Issue triage in Cluster API follows the best practices of the Kubernetes project while seeking balance with the different size of this project.

While the maintainers play an important role in the triage process described below, the help of the community is crucial to ensure that this task is performed timely and be sustainable long term.

PhaseResponsibleWhat is required to move forward
Initial triageMaintainersThe issue MUST have:
- priority/* label
- kind/* label
Triage finalizationEveryoneThere should be consensus on the way forward and enough details for the issue being actionable
Triage finalizationMaintainersThe issue MUST have:
- triage/accepted label
label, plus eventually help or good-first-issue label
ActionableEveryoneContributors volunteering time to do the work and reviewers/approvers bandwidth
The issue being fixed

Please note that:

  • Priority provides an indication to everyone looking at issues.

    • When assigning priority several factors are taken into consideration, including impact on users, relevance for the upcoming releases, maturity of the issue (consensus + completeness).
    • priority/awaiting-more-evidence is used to mark issue where there is not enough info to take a decision for one of the other priorities values.
    • Priority can change over time, and everyone is welcome to provide constructive feedback about updating an issue’s priority.
    • Applying a priority label is not a commitment to execute within a certain time frame, because implementation depends on contributors volunteering time to do the work and on reviewers/approvers bandwidth.
  • Closing inactive issues which are stuck in the “triage” phases is a crucial task for maintaining an actionable backlog. Accordingly, the following automation applies to issues in the “triage” or the “refinement” phase:

    • After 90 days of inactivity, issues will be marked with the lifecycle/stale label
    • After 30 days of inactivity from when lifecycle/stale was applied, issues will be marked with the lifecycle/rotten label
    • After 30 days of inactivity from when lifecycle/rotten was applied, issues will be closed. With this regard, it is important to notice that closed issues are and will always be a highly valuable part of the knowledge base about the Cluster API project, and they will never go away.
    • Note:
      • The automation above does not apply to issues triaged as priority/critical-urgent, priority/important-soon or priority/important-longterm
      • Maintainers could apply the lifecycle/frozen label if they want to exclude an issue from the automation above
      • Issues excluded from the automation above will be re-triaged periodically
  • If you really care about an issue stuck in the “triage” phases, you can engage with the community or try to figure out what is holding back the issue by yourself, e.g.:

    • Issue too generic or not yet actionable
    • Lack of consensus or the issue is not relevant for other contributors
    • Lack of contributors; in this case, finding ways to help and free up maintainers/other contributors time from other tasks can really help to unblock your issues.
  • Issues in the “actionable” state are not subject to the stale/rotten/closed process; however, it is required to re-assess them periodically given that the project change quickly. Accordingly, the following automation applies to issues in the “actionable” phase:

    • After 30 days of inactivity, the triage/accepted label will be removed from issues with priority/critical-urgent
    • After 90 days of inactivity the triage/accepted label will be removed from issues with priority/important-soon
    • After 1 year of inactivity the triage/accepted label will be removed from issues without priority/critical-urgent or priority/important-soon
  • If you really care about an issue stuck in the “actionable” phase, you can try to figure out what is holding back the issue implementation (usually lack of contributors), engage with the community, find ways to help and free up maintainers/other contributors time from other tasks, or /assign the issue and send a PR.
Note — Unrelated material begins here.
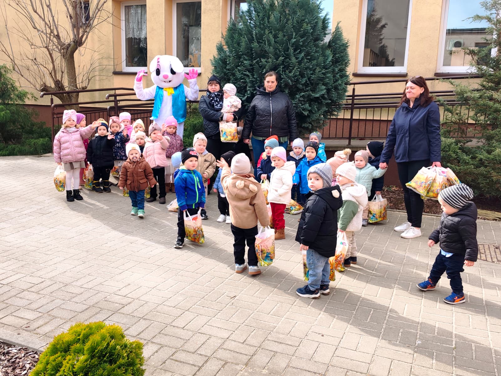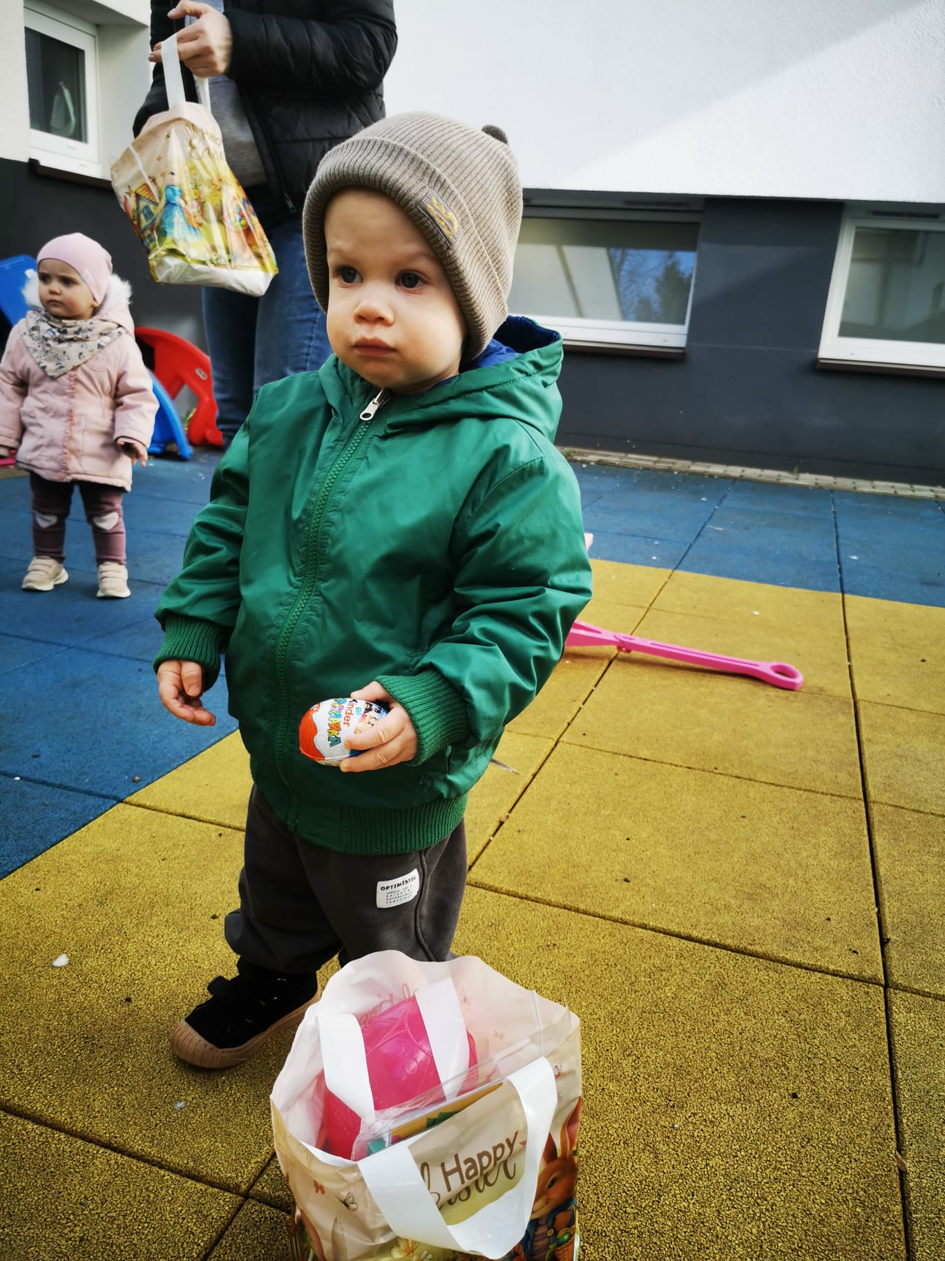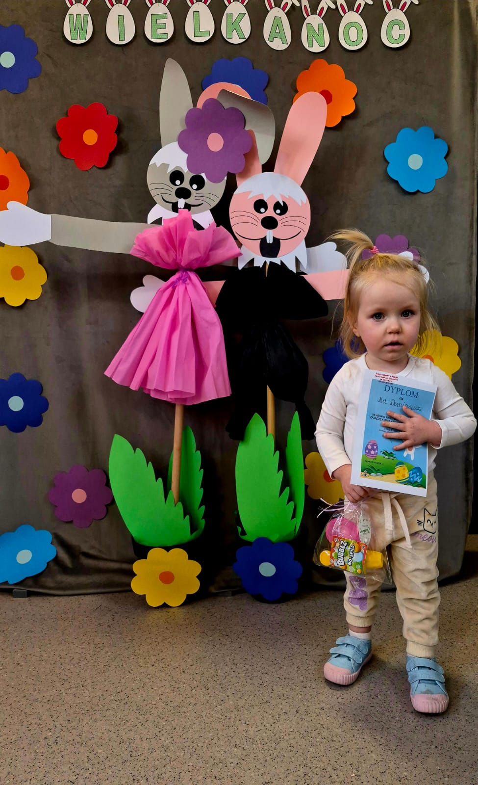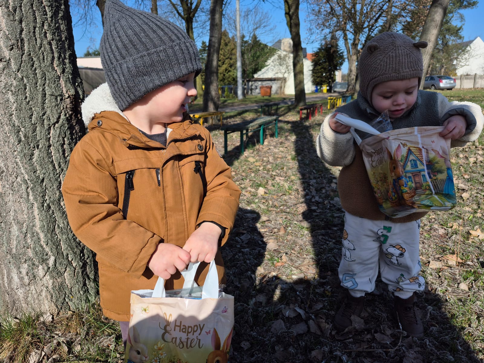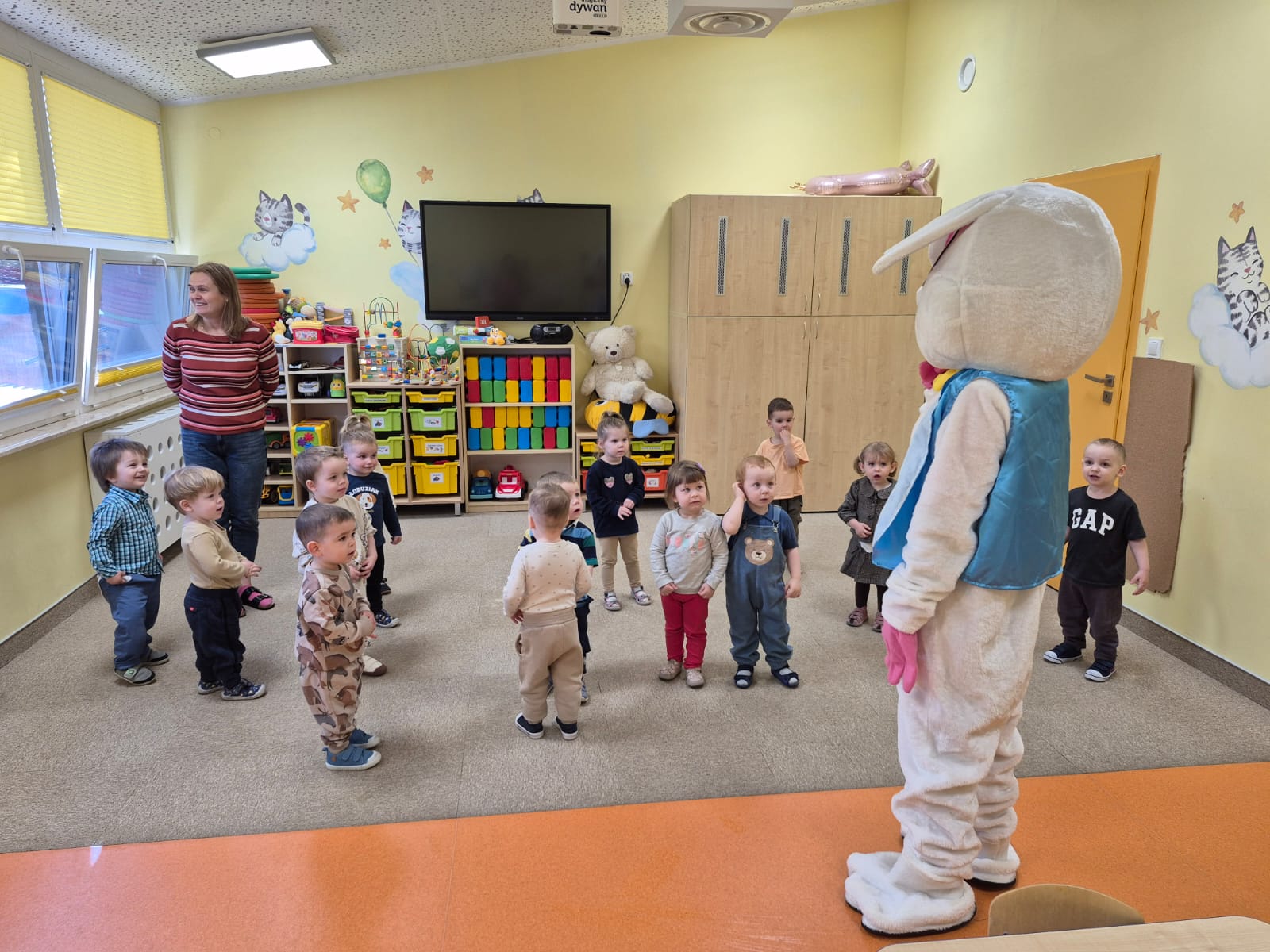 Natomiast 1 kwietnia spotkała nas niezwykła niespodzianka – do żłobka zawitał Zajączek! Przyniósł dzieciom cudowne prezenty, które wywołały wiele radości i uśmiechów na ich twarzach. Był to dzień pełen emocji i niezapomnianych chwil. Na zakończenie tego wyjątkowego dnia Pani Dyrektor wręczyła dzieciom dyplomy oraz nagrody za udział w konkursie „Zajączek Wielkanocny”
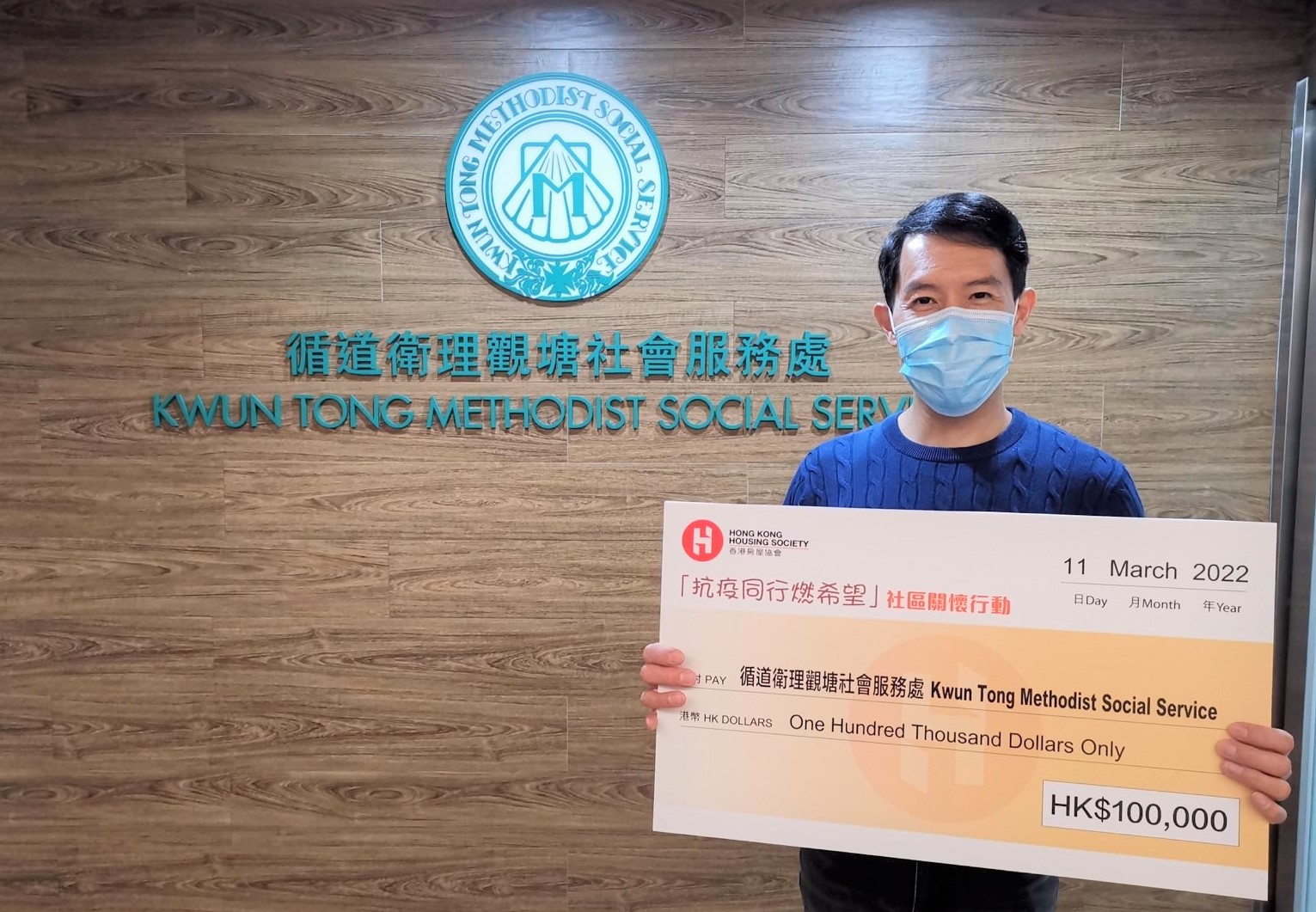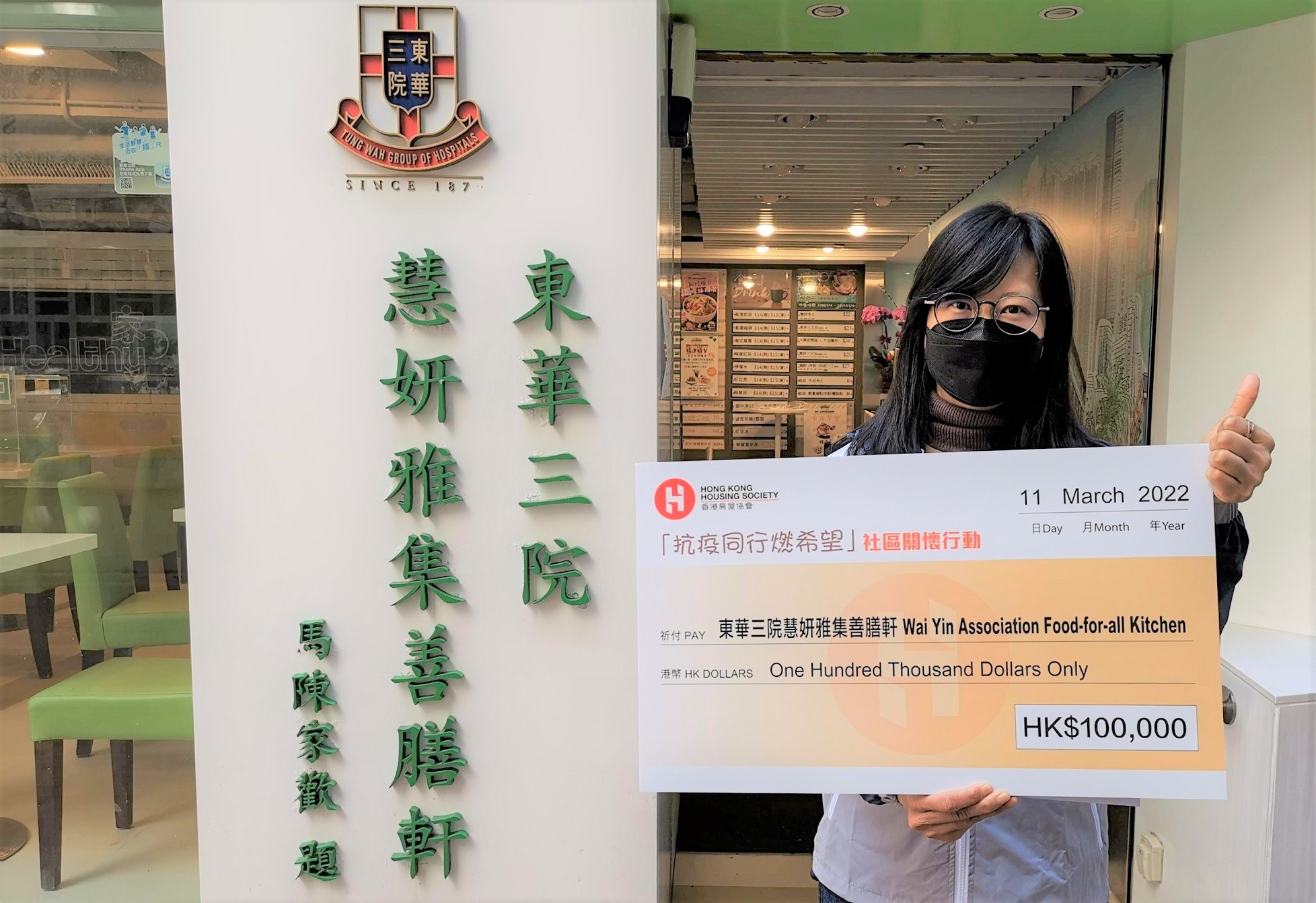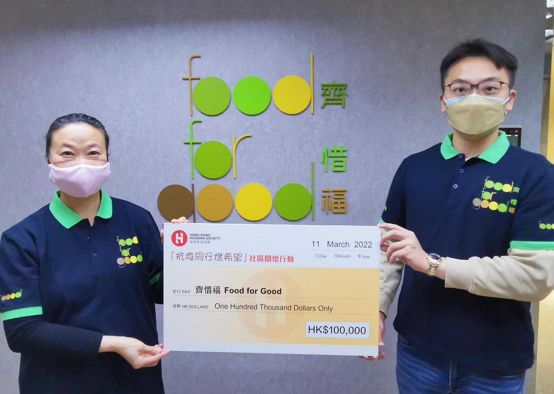 2) 捐款食物銀行、支援有經濟困難的房協屋邨租戶—房協 捐出港幣五十萬元予五間食物銀行及慈善團體。另外撥 出不少於港幣五十萬元為有經濟困難的房協屋邨租戶提 供財政支援,幫助有逼切需要的居民和人士解決燃眉之 急。

Triaging E2E test failures

When you submit a change to the Cluster API repository as set of validation jobs is automatically executed by prow and the results report is added to a comment at the end of your PR.

Some jobs run linters or unit test, and in case of failures, you can repeat the same operation locally using make test lint [etc..] in order to investigate and potential issues. Prow logs usually provide hints about the make target you should use (there might be more than one command that needs to be run).

End-to-end (E2E) jobs create real Kubernetes clusters by building Cluster API artifacts with the latest changes. In case of E2E test failures, usually it’s required to access the “Artifacts” link on the top of the prow logs page to triage the problem.

The artifact folder contains:

  • A folder with the clusterctl local repository used for the test, where you can find components yaml and cluster templates.
  • A folder with logs for all the clusters created during the test. Following logs/info are available:
    • Controller logs (only if the cluster is a management cluster).
    • Dump of the Cluster API resources (only if the cluster is a management cluster).
    • Machine logs (only if the cluster is a workload cluster)

In case you want to run E2E test locally, please refer to the Testing guide. An overview over our e2e test jobs (and also all our other jobs) can be found in Jobs.

Reviewing a Patch

Reviews

Parts of the following content have been adapted from https://google.github.io/eng-practices/review.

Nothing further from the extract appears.